Fort Yukon in June 2020 (Photo courtesy of Elliott Hinz)

The Fairbanks Daily News-Miner is reporting the first COVID-19 death from Fort Yukon.

Locals in the Yukon River community of Fort Yukon are dealing with a significant outbreak of COVID-19 despite aggressive measures taken to keep the virus out of the community.

Dacho Alexander of the Gwichyaa Zhee tribal council says 21 people have tested positive so far, with four seriously ill.

“We’ve had a few medevacs recently of people who have come down with more severe symptoms. And so those folks have been sent to Fairbanks for additional medical help,” he said.

That’s despite a village-wide lockdown that’s been in effect since March. While travel restrictions slowly eased, including a ten-day period in late June where people from outside the village could come in if they had a local sponsor, the village has been vigilant about letting people in.

Alexander says the community is manning a 24-hour river watch to keep outsiders from entering and has restricted store access to just two people at a time. It also has an enforced curfew, and Alexander says the streets are mostly quiet without kids playing outside.

How the virus got into the village is still unclear.

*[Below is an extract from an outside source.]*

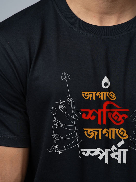 Roads to India® Men's Cotton Festival T-Shirt – Jagao Shakti Graphic Print Tee | Unisex Fit (Regular & Oversized) | 180/220 GSM | Half Sleeve, Round Neck | S–5XL | Black, Olive Green, Red

Alexander says the first person to test positive had been medevaced to Fairbanks for a different reason. They tested positive there, resulting in widespread testing in the village – 180 tests since the first positive out of the village of about 500, according to Alexander. Those resulted in the other positives, but meanwhile, the Fairbanks patient had a second test that came back negative.

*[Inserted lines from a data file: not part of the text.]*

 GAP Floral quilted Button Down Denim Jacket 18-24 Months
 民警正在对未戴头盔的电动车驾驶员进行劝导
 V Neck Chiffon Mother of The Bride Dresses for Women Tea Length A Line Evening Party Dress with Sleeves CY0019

“We never would have knew that there was widespread community outbreak without that first positive Fairbanks, which it turns out was a false positive,” he said.

Signs on a tree at a fish camp saying no visitors are allowed due to COVID-19.
Signs at a fish camp (Photo courtesy of Melinda Peter)

Alexander said that staying on top of additional cases is a challenge due to testing limitations. He said they’re relying on rapid testing in the village as well more accurate state-provided tests that must be sent out for processing.

“Getting those tests processed is becoming more difficult, and those tests are becoming less available,” he said.

Alexander says the village had to wait about two weeks for the last test results to come back from the state, but Thursday evening those tests came back negative. He says the situation is concerning because, like most bush villages, local health care is very limited — and so far, the state hasn’t stepped in to provide reassurance or support.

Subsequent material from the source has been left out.